Dari semua itu, Konfusius sebenarnya ingin mengatakan bahwa segala sesuatu yang dirasa penting akhirnya sia-sia dan lenyap. Ai Tai Ta tidak perlu mengatakan dengan kata-kata, tetapi orang mempercayainya; tidak perlu menunjukkan pencapaian-pencapainnya tetapi orang ingin dekat dengan dia; mempunyai sebuah kemampuan yang hebat walaupun secara lahiriah itu tidak tampak. Konfusius menambahkan bahwa kematian dan kehidupan, kehilangan dan kesuksesan, kekayaan dan kesehatan, pujian dan celaaan, kepantasan dan ketidakpantasan, lapar dan haus, panas dan dingin, semua ini akan berubah dan ditentukan oleh nasib.

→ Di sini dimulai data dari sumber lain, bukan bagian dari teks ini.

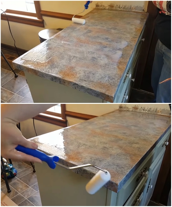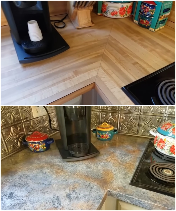 Поскольку каждый человек большую часть времени находится на кухне, то именно ее хочется привести в порядок в первую очередь. Особенно это касается рабочей поверхности, которая ежедневно подвергается негативному воздействию воды и моющих средств. Замена мебели – это довольно затратное мероприятие, поэтому стоит обратить внимание на кардинальное преобразование с минимальными вложениями, как это сделала креативная хозяйка. Старый кухонный гарнитур из натурального дерева решили сделать более современным. | Фото: youtube.com/ Lisa Capen Quilts. Даже если не экономить на покупке кухонного гарнитура, со временем он все равно теряет свою привлекательность. Особенно это касается столешницы, сделанной из натурального дерева, ведь постоянный контакт с агрессивными моющими средствами и влагой пагубно влияет на материал. И если это происходит, рабочая поверхность приобретает совсем неэстетичный вид и становится настоящим рассадником микробов и бактерий. Если планируете поменять мойку, то это нужно сделать до покраски. | Фото: youtube.com/ Lisa Capen Quilts. В такую ситуацию попала креативная хозяйка, которая решилась на эксперимент. Чтобы не менять добротную деревянную мебель и не покупать новую поверхность (притом не одну!), было решено кардинально изменить внешний облик гарнитура с помощью акриловой краски, полиэтиленового пакета и еще нескольких дополнительных материалов. Перед преобразованием столешниц были окрашены фасады тумб в белый цвет. Естественно, в некоторых аспектах женщине нужна была помощь, но в основном с такой творческой работой может справиться каждый. После того, как определились с цветом будущей столешницы, нужно купить краску нужных тонов. | Фото: youtube.com/ Lisa Capen Quilts. Перед началом работ стоит приобрести необходимые материалы и инструменты и только тогда приступать к подготовительным мероприятиям. Если нужно поменять мойку или любое другое оборудование, то это лучше сделать заранее, тем более что вокруг таких мест появляются самые поврежденные участки. Перед установкой новой мойки все проблемные места желательно тщательно обработать. Все повреждения необходимо зашпаклевать специальной замазкой для дерева, а после высыхания отшлифовать. | Фото: youtube.com/ Lisa Capen Quilts. После монтажных работ нужно идеально вымыть рабочие поверхности и зашпаклевать все проблемные места. После высыхания состава зашкурить столешницы и еще раз хорошенько обезжирить. Теперь можно приступать к нанесению грунтовочной краски. Чтобы поверхность получилась более однородной, наносить грунтовку желательно в два слоя. После этого столешницы нужно тщательно покрасить базовым цветом, на котором и будет создаваться рисунок «гранита». Важно: Каждый слой должен хорошенько просохнуть. Грунтовка и базовая краска наносятся плотным слоем. | Фото: youtube.com/ Lisa Capen Quilts. Поскольку хозяйке захотелось получить «гранитную» столешницу, заранее приобрела сразу несколько разных тонов серого цвета и коричневый пигмент, а для того, чтобы получить рыжеватые вкрапления – клей, слюду разных тонов. Для создания водонепроницаемой пленки и глянцевого покрытия понадобятся: полиуретановое покрытие и лак. Такой вид имеют столешницы перед нанесением рисунка. | Фото: youtube.com/ Lisa Capen Quilts. Совет от авторов Novate.Ru: Если таким творчеством решил заняться дилетант, то перед началом покраски лучше поис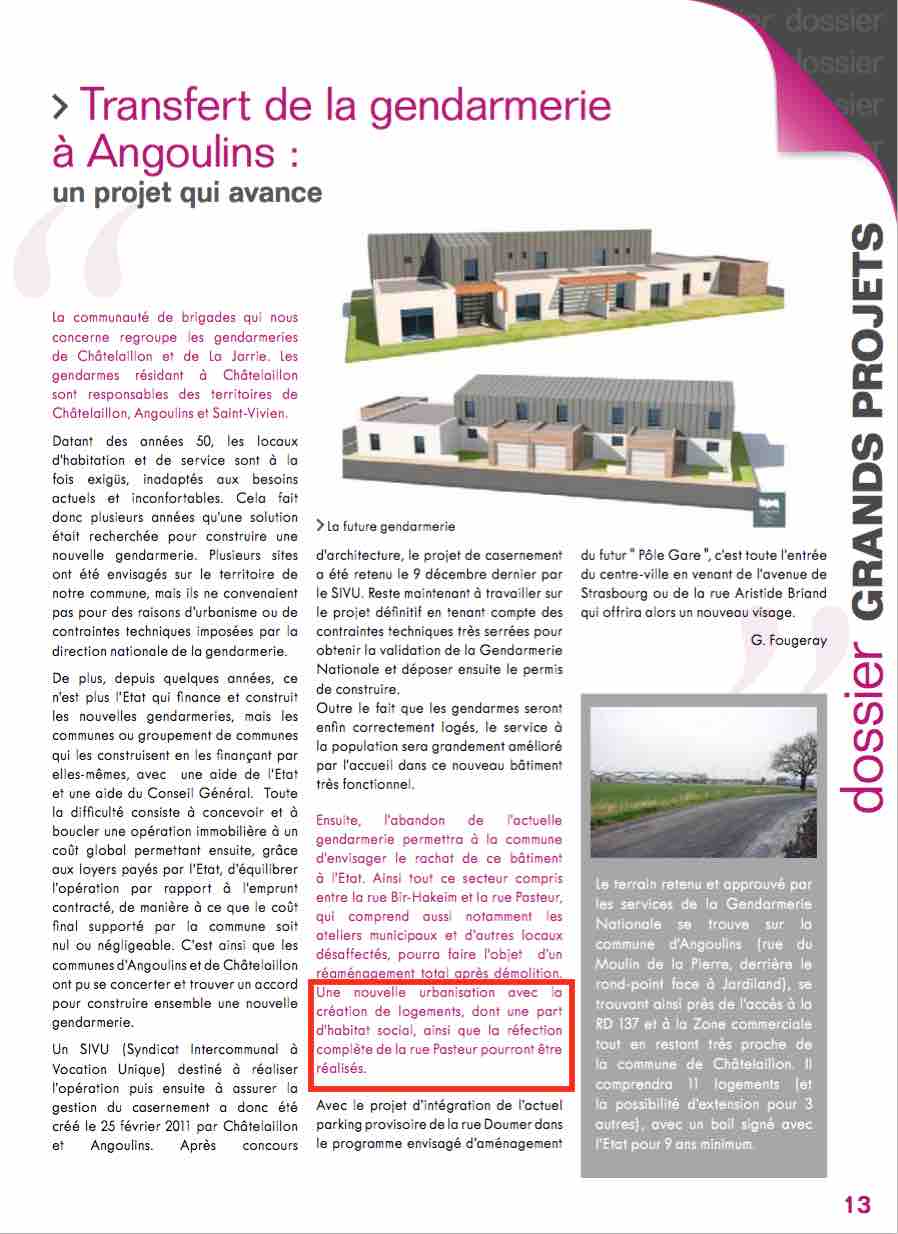 L’un des signataires de notre pétition nous a signalé que le magazine mensuel officiel de la commune Châtel-Mag n° 61 d’avril 2012 précisait en page 13 à propos du secteur de l’ancienne gendarmerie: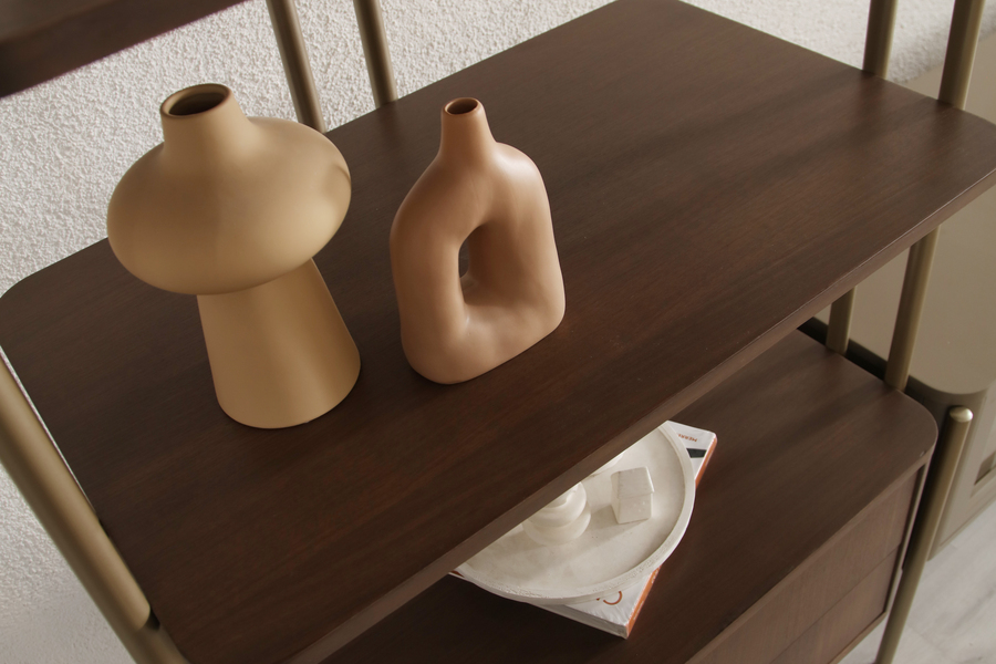 Τα πολλαπλά ράφια προσφέρουν πρακτική οργάνωση για βιβλία, διακοσμητικά και αντικείμενα καθημερινής χρήσης, ενώ η στιβαρή κατασκευή εξασφαλίζει αντοχή και σταθερότητα. Η ισορροπία μεταξύ αισθητικής και λειτουργικότητας την καθιστά ιδανική για σύγχρονα καθιστικά.
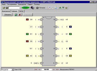 2. Проверка исходных логических состояний выводов микросхемы и наличие на них переключений (сигналов от внутреннего генератора тестируемого устройства), наличие выводов, подключенных к цепям питания, и выводов, соединённых между собой перемычками. Полученный результат выводится на дисплей в виде мнемосхемы объекта контроля.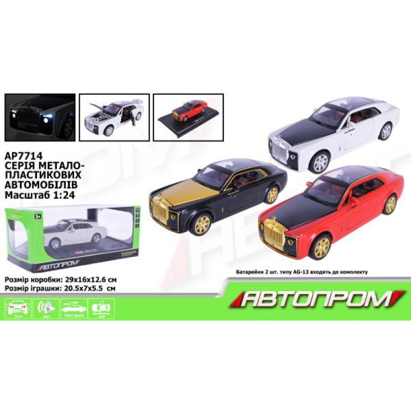 Машина мет. АВТОПРОМ 3 кольори, бат, світ., звук, двері відкр., в кор. 29*16*12,6см арт: AP7714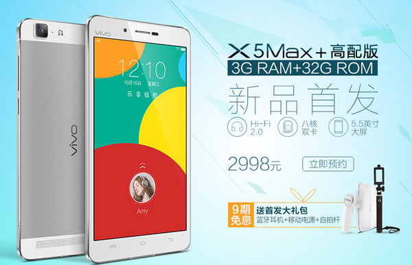 7月13日,vivo X5 Max+高配版新品在vivo天猫官方旗舰店(点此访问)首发上市,售价2998元,赠送价值600元的蓝牙耳机(169元)、移动电源(358元)以及自拍杆(89元)首发礼包;同时提供30天无忧退换货、半年延保服务。此外,另有10元优惠券可领取。下面就一起来看看了解一下吧,并附有活动地址,大家可以详情参考一下吧!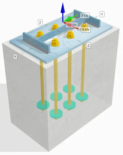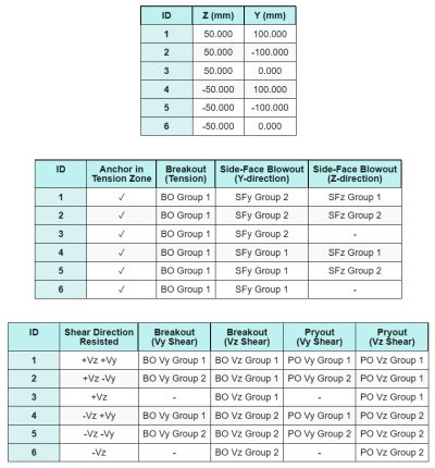 Following the same approach as in Check #7, the total tension demand of the anchor group for the anchors closest to the Z-direction edge is:

            Segala sesuatu adalah sia-sia, demikian kata Konfusius. Kata-kata yang diucapkan manusia untuk menunjukkan keunggulannya, kesuksesannya, kemampuannya semuanya sia-sia. Singkatnya semua yang lahiriah adalah sia-sia. Bahkan kematian dan kehidupan, kegagalan dan kesuksesan, kesakitan dan kesehatan, pujian dan celaan, kepantasan dan ketidakpantasan, lapar dan haus, panas dan dingin semuanya berubah seturut nasib. Dasar dari keharmonisan pribadi semua orang adalah kekuatan rohaniah. 
Penutup
            Dari uraian yang telah ditandaskan di atas, kita dapat mengambil kesimpulan bahwa konsep kebajikan sejati menurut Zhuangzi terletak pada persatuan dengan De. Kebajikan sejati adalah persatuan dengan De. Zhuanzi mengajarkan beberapa jalan menuju kebajikan sejati itu melalui tiga tanda, yakni kebijaksanaan, persatuan dengan De, usaha terus menerus melalui pembelajaran terhadap De dan ketidak-terikatan pada hal-hal lahiriah. Ajaran Zhuangzi ini sebagian besar diambil dari pemikiran Konfusius dalam dialog-dialognya.

                                                      




[1] Rm. Agus Lie, CDD., (Handout Mata Kuliah Filsafat China), STFT Widya Sasana, 2010.
[2] Ringkasan cerita-cerita yang ada pada setiap poin merupakan hasil terjemahan dari naskah Inggris versi terjemahan dari naskah tulisan China oleh Nina Correa, dengan judul: Calculations on Fulfilling Virtue.
[3] Fung-Yu Lan, Sejarah Filsafat China, Pustaka Pelajar: Yogyakarta, 2007, hlm.146-147
[4] Suara bumi seperti yang disebabkan oleh angin, karena ketika kata-kata diucapkan, maka kata-kata itu menunjukkan dunia gagasan manusia. Kata-kata itu mengarah pada penyangkalan, opini-opini yang dibuat oleh individu menurut sudut pandangnya sendiri yang partikular dan terbatas. Sedangkan pemahaman langit berarti memandang segala sesuatu dari sudut pandang yang melampaui yang terbatas, yakni Tao. Ibid, hlm 143, 145.